HeatCrab commented Dec 27, 2025

This PR now continues development on top of PR #62 rather than main. This is a technical necessity, not a workflow preference. Physical Memory Protection requires proper kernel stack isolation to function correctly—without PR #62's stack separation, user tasks would corrupt kernel memory during context switches, making PMP both unsafe and unverifiable. Building this feature on main would produce non-functional code.

@HeatCrab HeatCrab force-pushed the pmp/memory-isolation branch 2 times, most recently from 22cdf89 to 81e18d3 Compare December 27, 2025 14:34
Introduces three abstractions that build upon the PMP infrastructure
for managing memory protection at different granularities.

Flexpages represent contiguous physical memory regions with
protection attributes, providing arbitrary base addresses and sizes
without alignment constraints. Memory spaces implement the address
space concept but use distinct terminology to avoid confusion with
virtual address spaces, as this structure represents a task's memory
protection domain in a physical-address-only system. They organize
flexpages into task memory views and support sharing across multiple
tasks without requiring an MMU. Memory pools define static regions for
boot-time initialization of kernel memory protection.

Field naming retains 'as_' prefix (e.g., as_id, as_next) to reflect
the underlying address space concept, while documentation uses "memory
space" terminology for clarity in physical-memory-only contexts.

Structures are used to enable runtime iteration, simplify debugging,
and maintain consistency with other subsystems. Macro helpers reduce
initialization boilerplate while maintaining type safety.

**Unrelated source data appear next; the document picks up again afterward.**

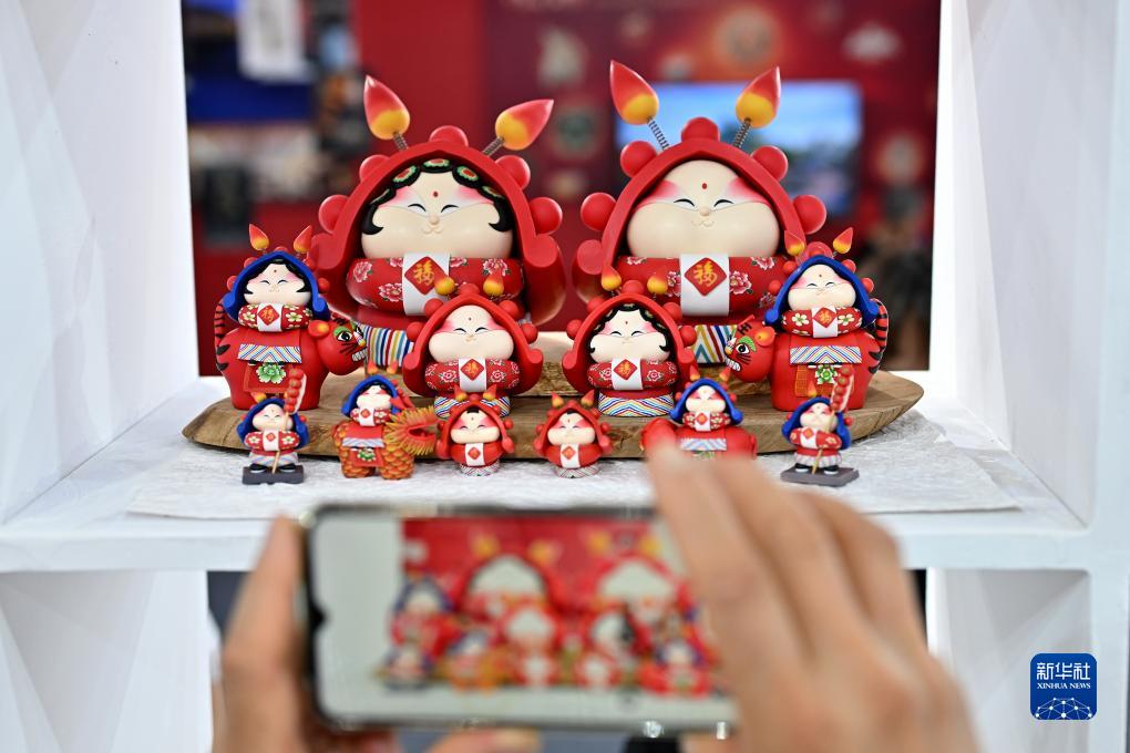 9月6日,參觀者在服貿會文旅服務專題展區拍攝一款兔爺文創産品。
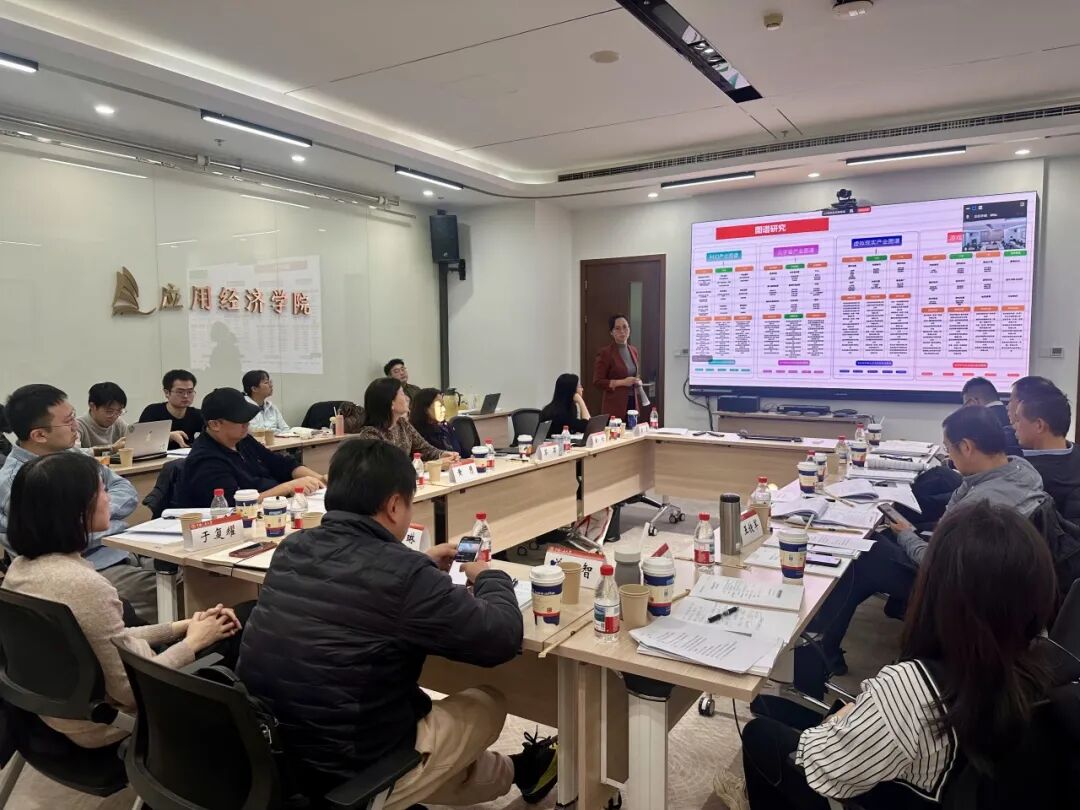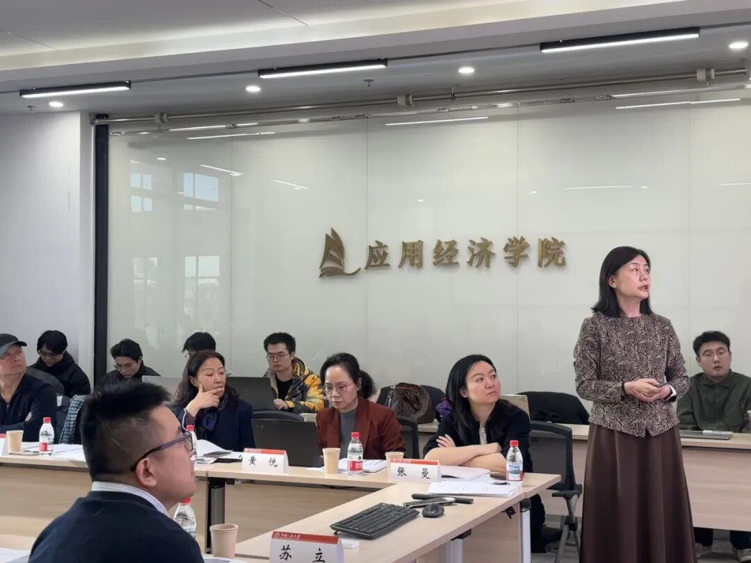 ▲中国人民大学应用经济学院黄隽教授汇报课题一进展
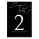 Elegant Bordsnummer Modern Script Black Bröllop. Fantastisk design med parets namn och bröllop-datum med ett dekorativt "bord"-skript med kärlek hjärtaccent. Vit text på svart. Anpassa med information om bordsnummer och bröllop. Typsnitt, text, färg är anpassade. Vi inbjudan besöker vår Zazzle-butik, Austen & Grace, för att se fullt-svit, matcha produkter med mera. Kontakta oss om du behöver hjälp.
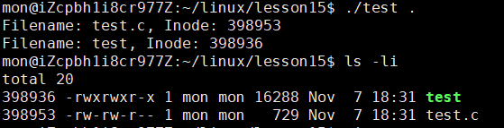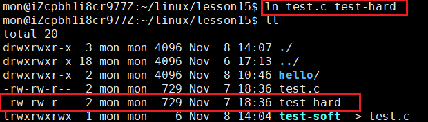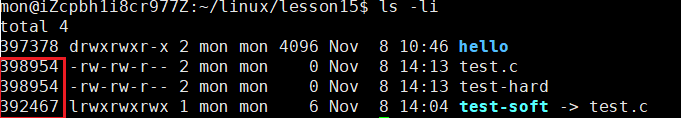 并且我们通过查看它们各自的inode,可以发现软链接是一个独立的文件,有自己的inode,但是硬链接文件和test.c的inode相同,说明它不是一个独立的文件,因为它没有自己的inode。
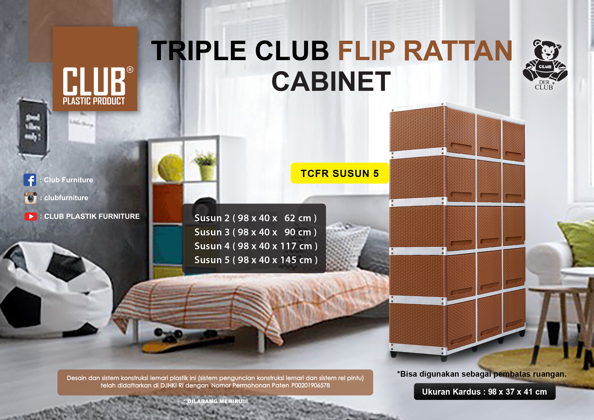 Desain dan sistem konstruksi lemari plastik ini telah didaftarkan di DJHKI RI dengan nomor permohonan patent sebagai berikut:
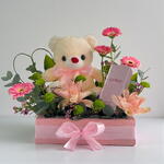 A refined women’s gift featuring an original Guess Eau de Parfum (75ml), soft pink floral arrangement, and a plush teddy bear—beautifully styled in a keepsake box. Designed for Valentine’s Day, birthdays, and moments that deserve something truly special. This charming set features a cute teddy bear, symbolizing comfort and affection, paired with 4 vibrant pink gerberas and 2 delicate pink roses arranged with soft fillers for a fresh, graceful look. The highlight of the hamper is the Guess Pink Eau de Parfum (75ML) — a chic, feminine fragrance loved for its floral sweetness and modern elegance. ✓ Guess Pink Eau de Parfum – 75ML ✓ Teddy bear – soft cuddly ✓ 4 pink gerberas + 2 pink roses with fillers ✓ Stylish wooden gift box ✓ Perfect for birthdays, anniversaries, romantic surprises special occasions ✓ Same-day delivery across Dubai JVC “Surprise her with elegance — order this Guess Pink Gift Hamper today!” “A fragrance, flowers love in one box — shop this luxury hamper now!” “Make her feel truly special — send this beautiful wooden gift set today!”
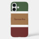Modern, simple and stylish personalized cell phone case with a fall color scheme pattern. Large green, tan and maroon stripes with small white stripes. Your name printed in a maroon text.
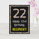 22nd Birthday: Floral Flowers Number, Custom Name Card
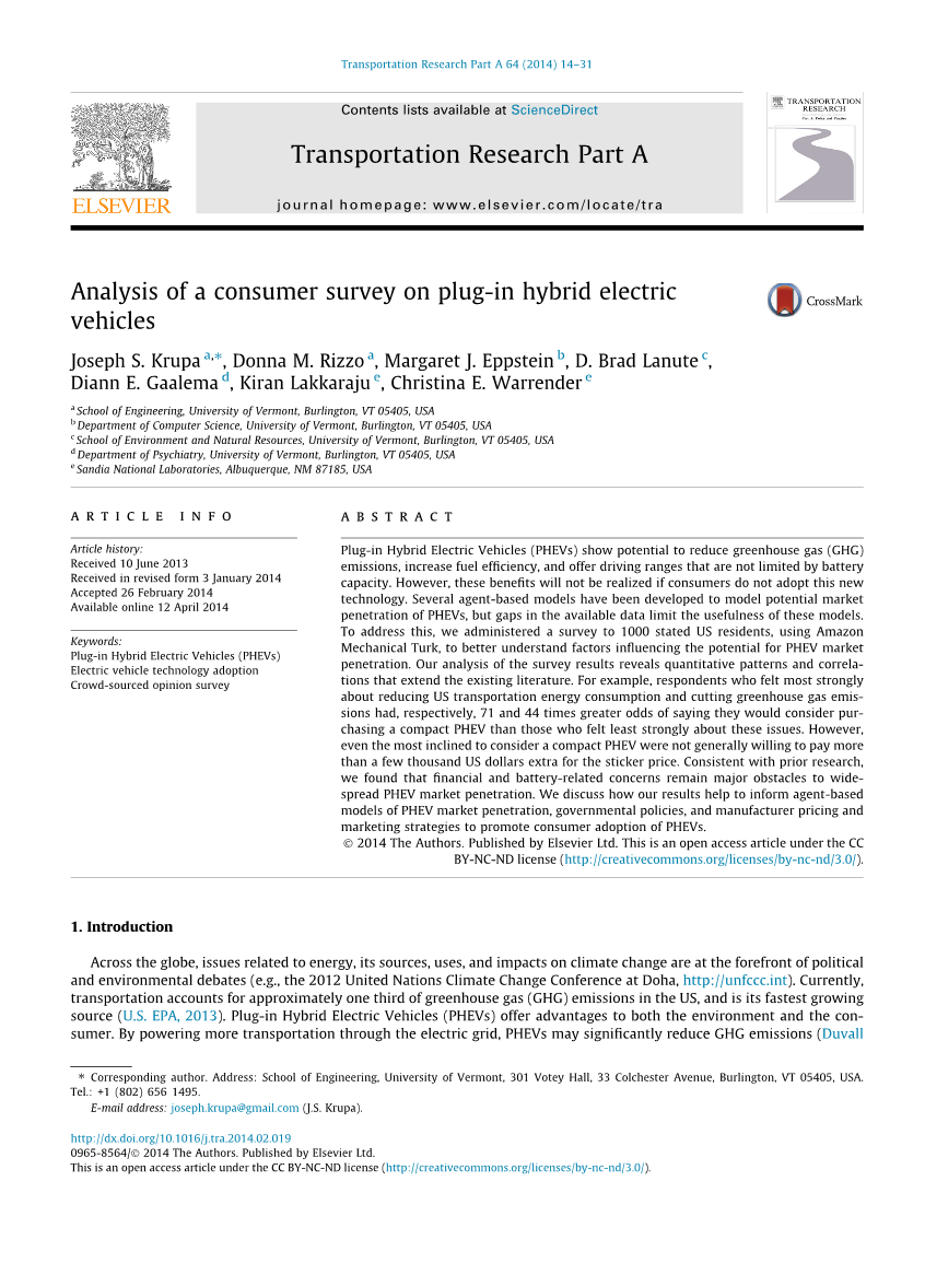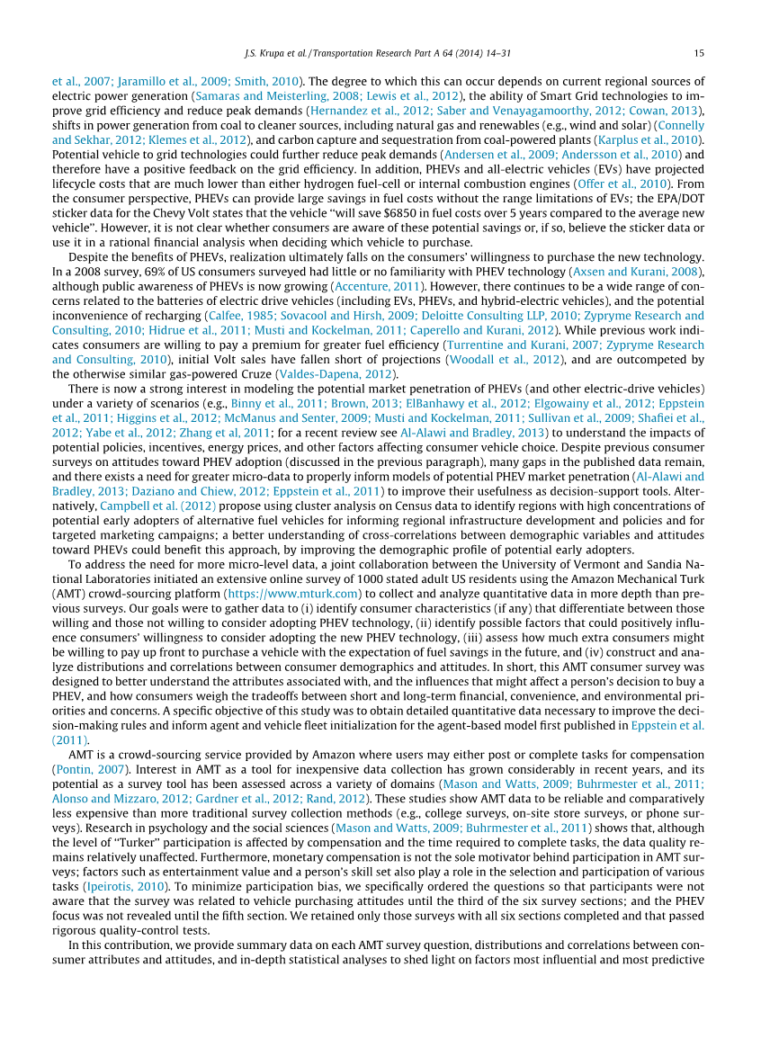 vious调查。 我们的目标是收集数据,以(i)识别区分这些的消费者特征(如果有的话)愿意和不愿意考虑采用PHEV技术的人,(ii)确定可能会积极影响的可能因素,使消费者愿意考虑采用新的PHEV技术,(iii)评估多少额外的消费者可能愿意在未来预期节省燃料的情况下预先支付购买车辆,以及(iv)分析消费者人口统计和态度之间的关系。 简而言之,这次AMT消费者调查是旨在更好地理解与之相关的属性,以及可能影响人们购买决定的影响PHEV,以及消费者如何权衡短期和长期财务,便利和环境保护之间的权衡,重要性和关注。这项研究的具体目标是获得详细的定量数据。AMT是亚马逊提供的服务,用户可以发布或完成补偿任务。对AMT作为廉价数据收集工具的兴趣近年来已经显着增长作为一种调查工具的潜力已经在多个领域得到评估。这些研究表明,和传统的调查收集方法(例如,大学调查,现场商店调查或电话监控)比AMT数据是相对可靠的。心理学和社会科学研究表明,尽管“Turker”论坛参与的水平受到补偿和完成任务所需的时间的影响,电源相对不受影响。 此外,货币补偿不是参与AMT交易的唯一动机,娱乐价值和个人技能等因素也在各种选择和参与中发挥作用任务。为了尽量减少参与偏见,我们特别订购了问题,以便参与者不会意识到该调查与车辆购买态度有关,直到六个调查部分中的第三个;和PHEV焦点没有透露到第五节。我们只保留了所有六个部分完成并且通过的那些调查严格的质量控制测试。在本文中,我们提供每个AMT调查问题,分布和相关性的汇总数据苏美尔属性和态度,以及深入的统计分析,以阐明最有影响力和最具预测性的因素的消费者愿意考虑PHEVs。 虽然我们的结果与现有文献一致, 超越了以前已经发布的信息,将支持更多的数据驱动模型并提供有用的信息,以便为希望宣传PHEV的政策制定者和制造商提供更好的信息。完整调查应被公开提供给其他研究人员的额外分析。

Memory protection APIs are exposed to test programs for validation.
This follows the established pattern where kernel subsystem interfaces
are made available for testing purposes.
Defines static memory pools for boot-time PMP initialization using
linker symbols to identify kernel memory regions.

Linker symbol declarations are updated to include text segment
boundaries and match actual linker script definitions for stack
regions. Five kernel memory pools protect text as read-execute, data
and bss as read-write, heap and stack as read-write without execute
to prevent code injection.

Macro helpers reduce initialization boilerplate while maintaining
debuggability through struct arrays. Priority-based management handles
the 16-region hardware constraint.
Extends TCB with a memory space pointer to enable per-task memory
isolation. Each task can now reference its own memory protection
domain through the flexpage mechanism.
Adds creation and destruction functions for flexpages, which are
software abstractions representing contiguous physical memory regions
with hardware-enforced protection attributes. These primitives will be
used by higher-level memory space management to construct per-task
memory views for PMP-based isolation.

Function naming follows kernel conventions to reflect that these
operations manage abstract memory protection objects rather than
just memory allocation.
Add functions to create and destroy memory spaces, which serve as
containers for flexpages. A memory space can be dedicated to a single
task or shared across multiple tasks, supporting both isolated and
shared memory models.
Provide helper functions for runtime-indexed access to PMP control
and status registers alongside existing compile-time CSR macros.
RISC-V CSR instructions encode register addresses as immediate
values in the instruction itself, making dynamic selection
impossible through simple arithmetic. These helpers use
switch-case dispatch to map runtime indices to specific CSR
instructions while preserving type safety.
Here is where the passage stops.